Required action:
For the data below, restate word for word only the lines from the line containing "A close-up of" through the line containing "Astrid Twardy GmbH", both ends included.

The data:
################
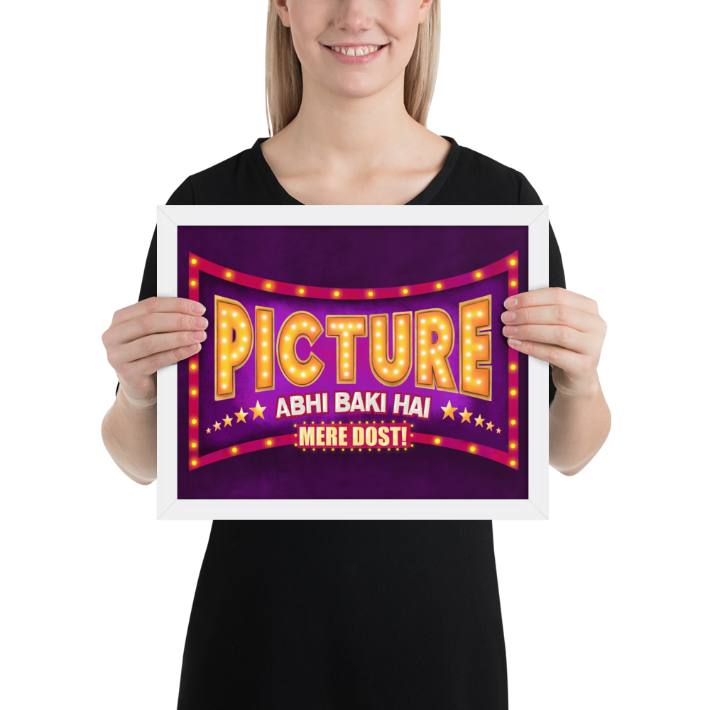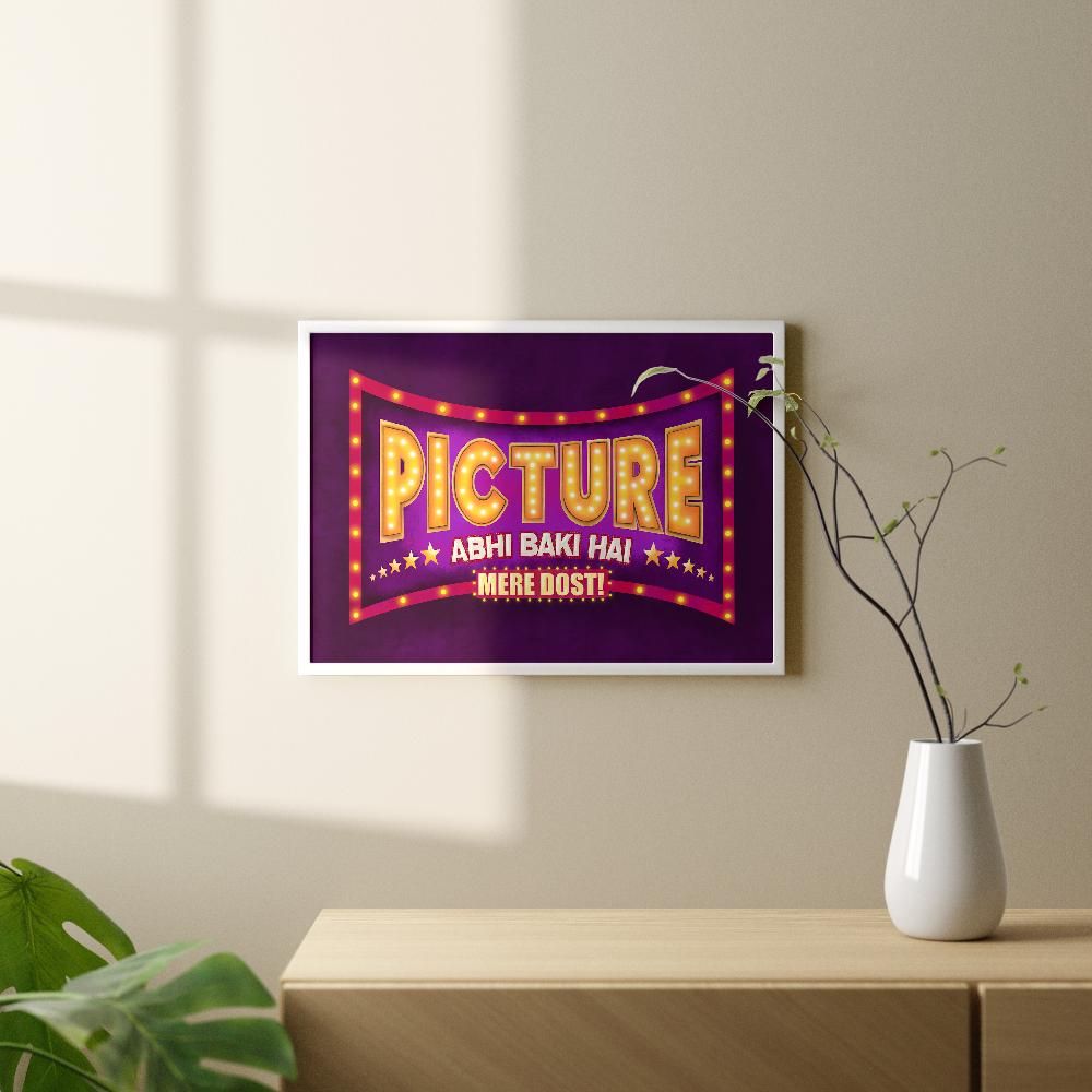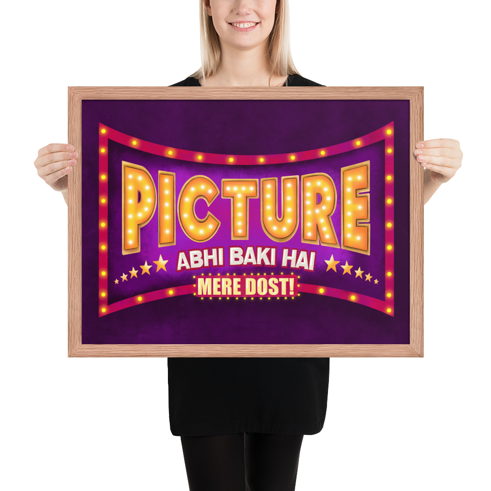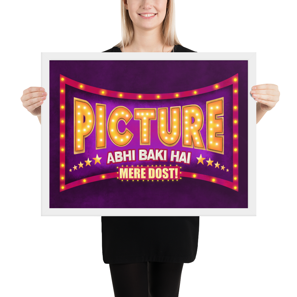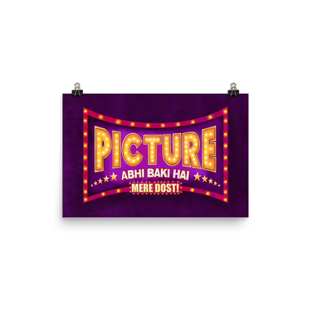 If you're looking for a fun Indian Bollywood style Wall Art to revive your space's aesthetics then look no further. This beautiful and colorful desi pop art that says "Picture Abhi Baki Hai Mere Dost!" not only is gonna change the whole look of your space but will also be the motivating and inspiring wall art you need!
################
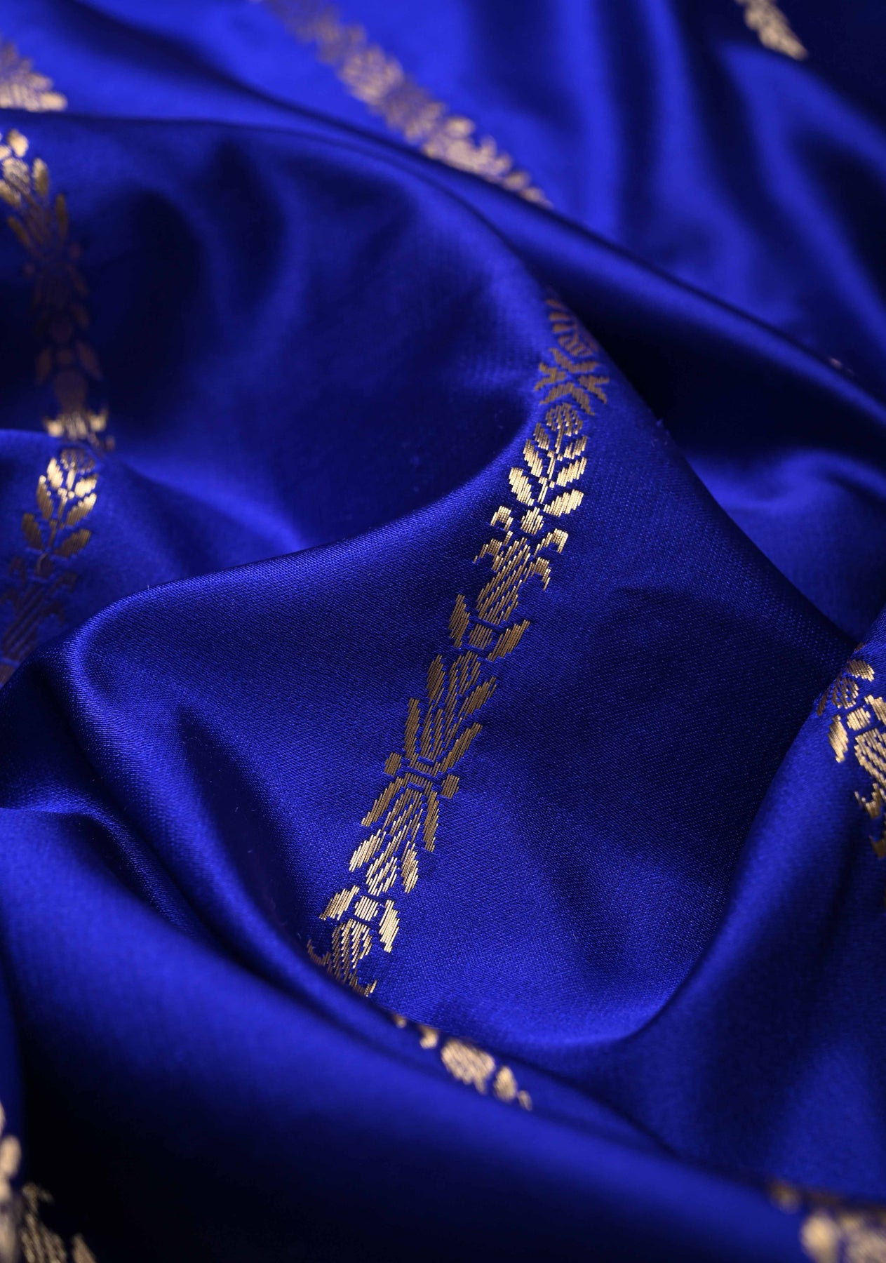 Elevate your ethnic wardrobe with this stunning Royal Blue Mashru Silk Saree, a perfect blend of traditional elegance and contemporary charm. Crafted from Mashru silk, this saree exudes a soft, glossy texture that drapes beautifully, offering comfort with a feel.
################
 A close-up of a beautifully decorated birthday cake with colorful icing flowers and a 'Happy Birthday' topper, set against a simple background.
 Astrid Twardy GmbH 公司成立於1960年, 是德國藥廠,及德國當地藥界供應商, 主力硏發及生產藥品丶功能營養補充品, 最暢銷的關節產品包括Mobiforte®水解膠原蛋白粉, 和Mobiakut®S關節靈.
################
Result of the task:
 A close-up of a beautifully decorated birthday cake with colorful icing flowers and a 'Happy Birthday' topper, set against a simple background.
 Astrid Twardy GmbH 公司成立於1960年, 是德國藥廠,及德國當地藥界供應商, 主力硏發及生產藥品丶功能營養補充品, 最暢銷的關節產品包括Mobiforte®水解膠原蛋白粉, 和Mobiakut®S關節靈.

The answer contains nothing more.